My HL bushings were pristine, but the nylon sleeves are brittle and there are cracks here and there. They're still usable, but I'll get play sooner than later or if they break I'm sold.

I do not recommend to take these out without a spare set at hand, especially if they're old and brittle like mine. I can't see how to take them out without damaging them, unless they're new and flexible.


----------



## crisillo (Jul 3, 2004)

Good job, Warp!

The "winter" overhaul is coming along great!! :thumbsup:


----------



## Warp (May 24, 2004)

Here's the Perla Negra, bare bones and shiny... I even took some time to polish the rear end...


----------



## crisillo (Jul 3, 2004)

Sweet Black Pearl!!!

:thumbsup: :thumbsup: :thumbsup: :thumbsup: :thumbsup: :thumbsup: :thumbsup: :thumbsup: :thumbsup:


----------



## All Mountain (Dec 9, 2005)

*Paging Warp*

Yoh ho Warpiiiooooo

It looks absolutely gorgeous  :thumbsup:  :yesnod: :yesnod: :yesnod: :arf: :arf: :yesnod: :yesnod: :yesnod: !~!
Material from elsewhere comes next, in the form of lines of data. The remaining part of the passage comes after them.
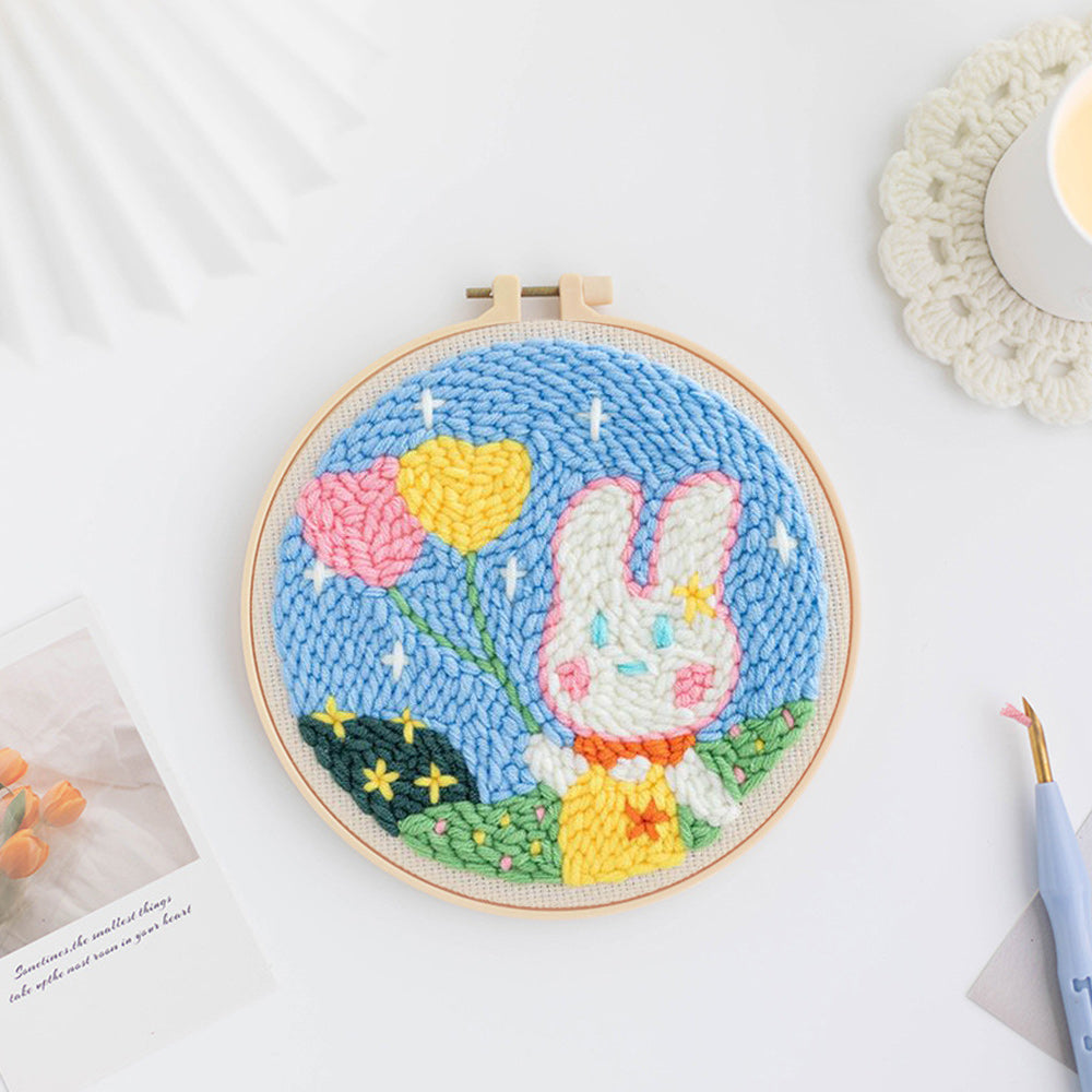 Love Balloon Rabbit Punch Needle Embroidery Kits
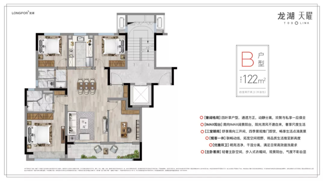 该户型整体方正,南北通透,270°阔景阳台,厨房餐厅一体化,超大主卧空间,尽享品质生活。
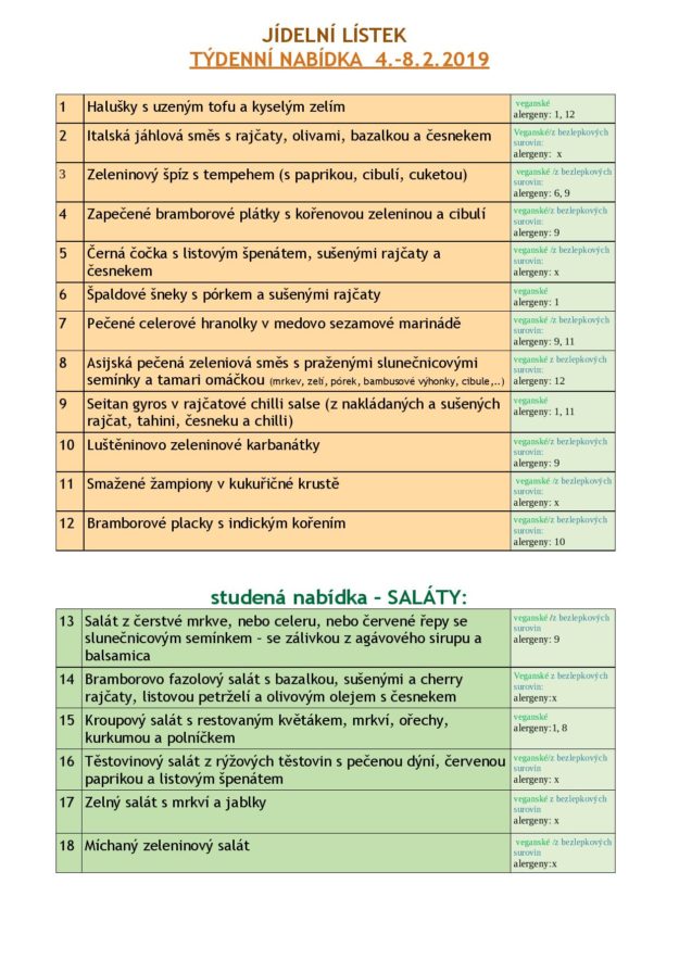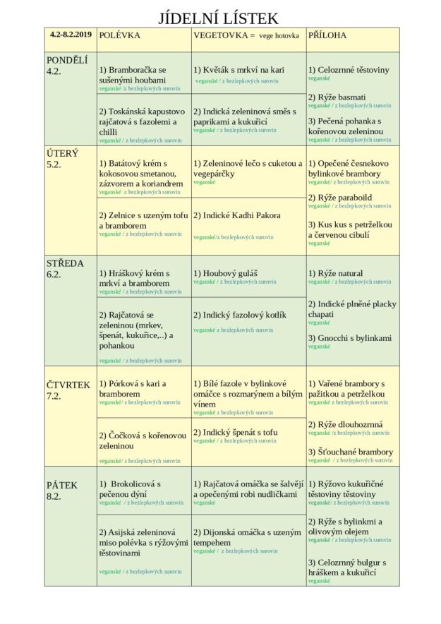 JÍDELNÍ LÍSTEK NA TÝDEN od 4. do 8.2.

Are you painting your fork to match ?~?

My 06 AM1 is well past due for service. Still unopened. 
What oil levels and viscosity do you recommend for me ?~? What tools will I need to open it up ?~?

Cheers
AM



Warp said:


> Here's the Perla Negra, bare bones and shiny... I even took some time to polish the rear end...


----------



## 545cu4ch (Aug 11, 2005)

All Mountain said:


> My 06 AM1 is well past due for service. Still unopened.
> What oil levels and viscosity do you recommend for me ?~? What tools will I need to open it up ?~?
> 
> Cheers
> AM


You just need a mallet and maybe a big rock.
Or you can come to Mexico bring it to Warp  He is the good samaritan oil-changer around here


----------



## Warp (May 24, 2004)

All Mountain said:


> Yoh ho Warpiiiooooo
> 
> It looks absolutely gorgeous  :thumbsup:  :yesnod: :yesnod: :yesnod: :arf: :arf: :yesnod: :yesnod: :yesnod: !~!


Thanks, mate!



All Mountain said:


> Are you painting your fork to match ?~?
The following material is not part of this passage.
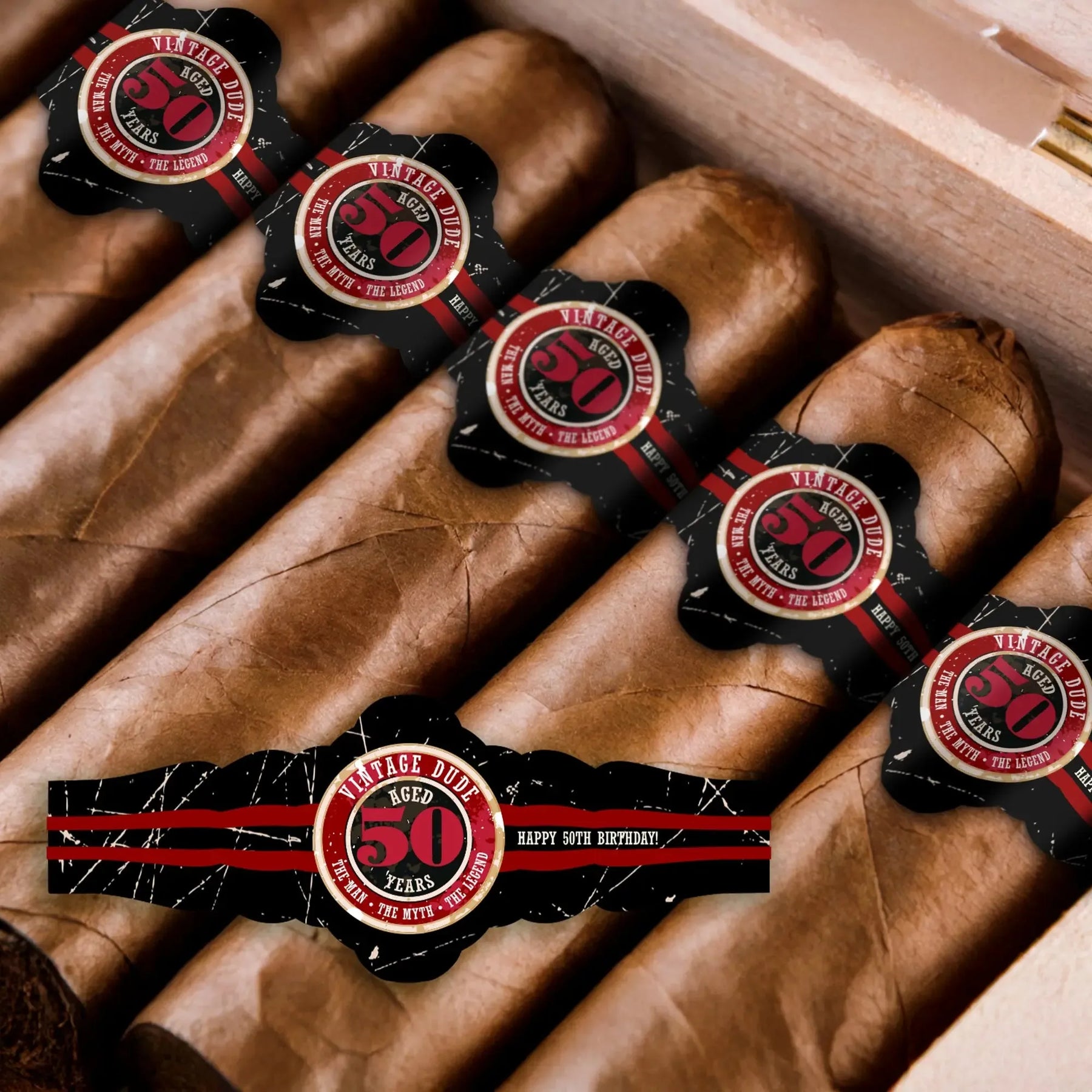 Celebrate half a century with our Vintage Dude 50th Birthday Cigar Bands. These bands feature a stylish vintage design, perfect for marking this special milestone. Made from premium materials, they add a unique touch to your birthday cigars.

Most probably, but weather is not helping. Rain, "cold" and wind lately. You just need rain to mess up with the paintjob.



All Mountain said:


> My 06 AM1 is well past due for service. Still unopened.
> What oil levels and viscosity do you recommend for me ?~? What tools will I need to open it up ?~?
> 
> Cheers
> AM


Oil levels - 170ml ETA side, 40ml TST side, all oil you can fit in TST cartridge (around 100-150ml)
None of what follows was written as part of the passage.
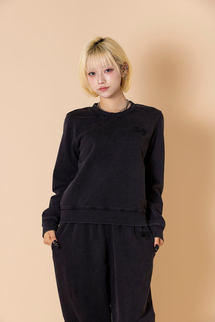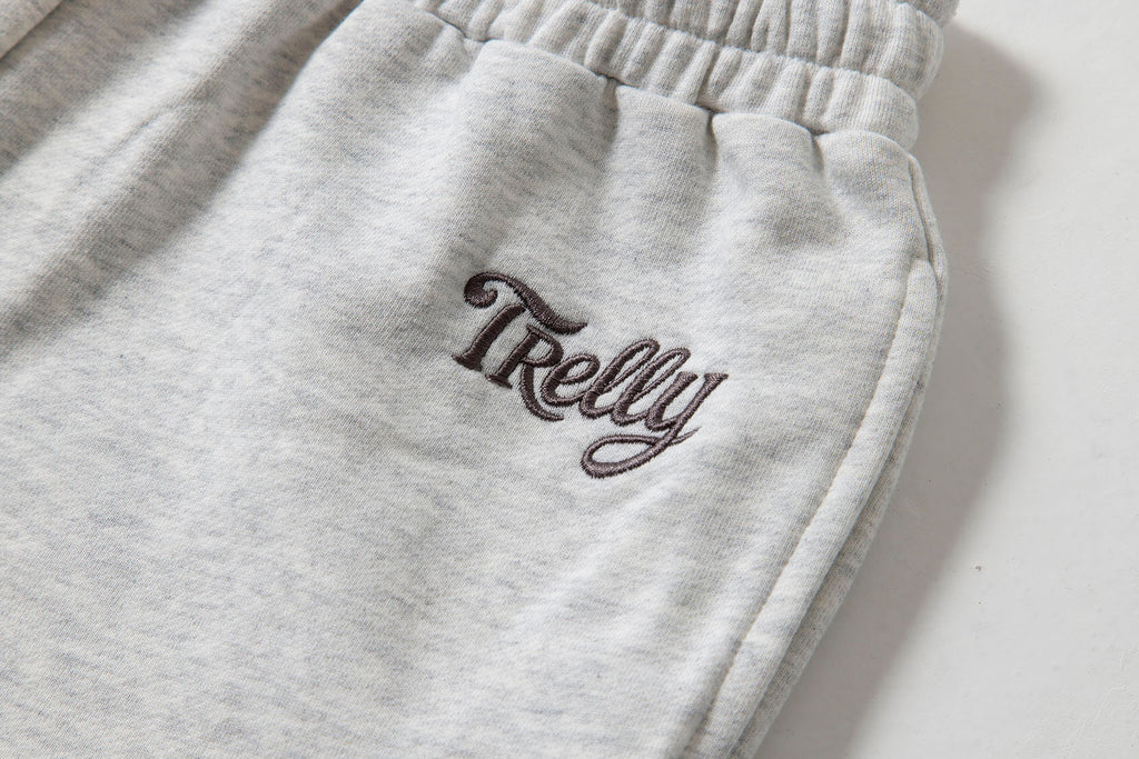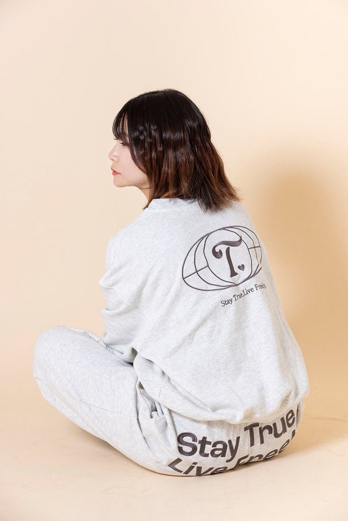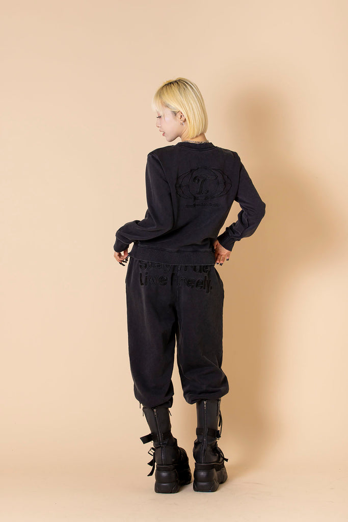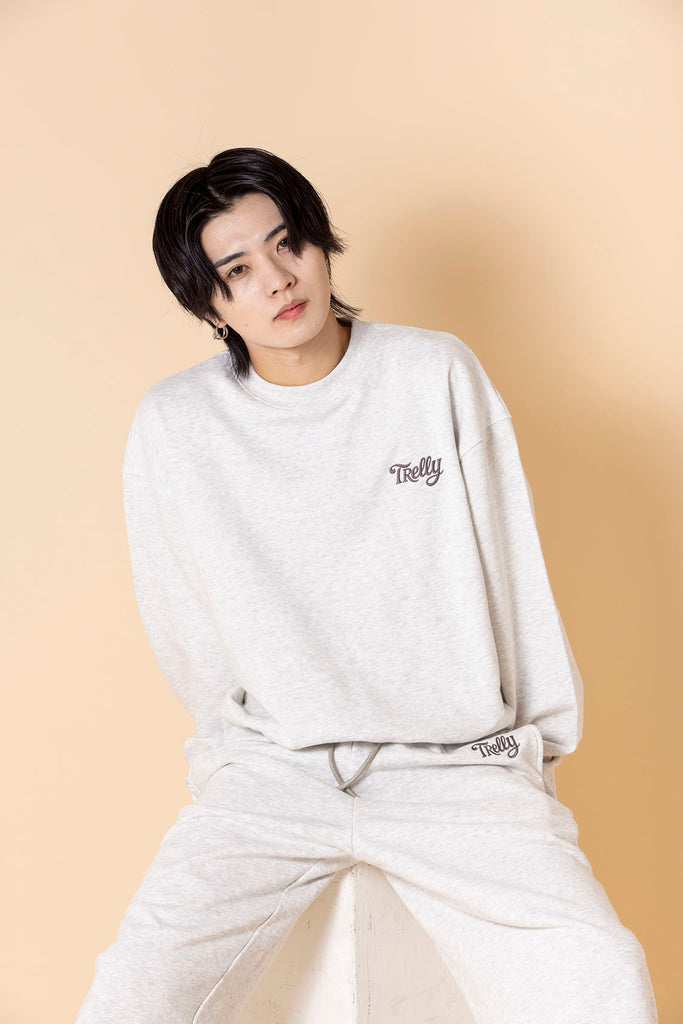 スウェットの胸元と背中に施された刺繍が、存在感を演出するセットアップ。

Viscosities - (you're 200lbs, right?) - 7.5wt on ETA, 10 or 15wt on TST side, 7.5 or 10wt on TST cart. If you feel the fork a bit "spikey" in damping, go for the lighter. If you feel it like the controls do little, go for the heavier.

Tools - 
12mm Ground down socket or Zoke 12mm footnut tool.
21mm chamferless 6pt socket or crescent (adjustable) wrench.
2.5mm allen wrench
10mm open end spanner
Small rubber bands
Old tyre tube

I guess that's all... Wifey is here a bit impatient for me to go back to her and the kid... so the process will have to wait. But I'd like ti put up something soon.


----------



## Warp (May 24, 2004)

Droool, beyotches... :thumbsup:

http://forums.mtbr.com/showpost.php?p=2721094&postcount=16


----------



## Gambox (Jun 30, 2004)

That's a sharp good looking bike there!!. congratulations Warp. 
maybe i'm wrong but the front tire is in the opposite direction


----------



## Warp (May 24, 2004)

Gambox said:


> That's a sharp good looking bike there!!. congratulations Warp.
> maybe i'm wrong but the front tire is in the opposite direction


No... Nobby Nics install just like that. The arrows on the sidewall indicate to run in that direction and there's a ramp in the center knob that confirms this.


----------



## crisillo (Jul 3, 2004)

Warp said:


> No... Nobby Nics install just like that. The arrows on the sidewall indicate to run in that direction and there's a ramp in the center knob that confirms this.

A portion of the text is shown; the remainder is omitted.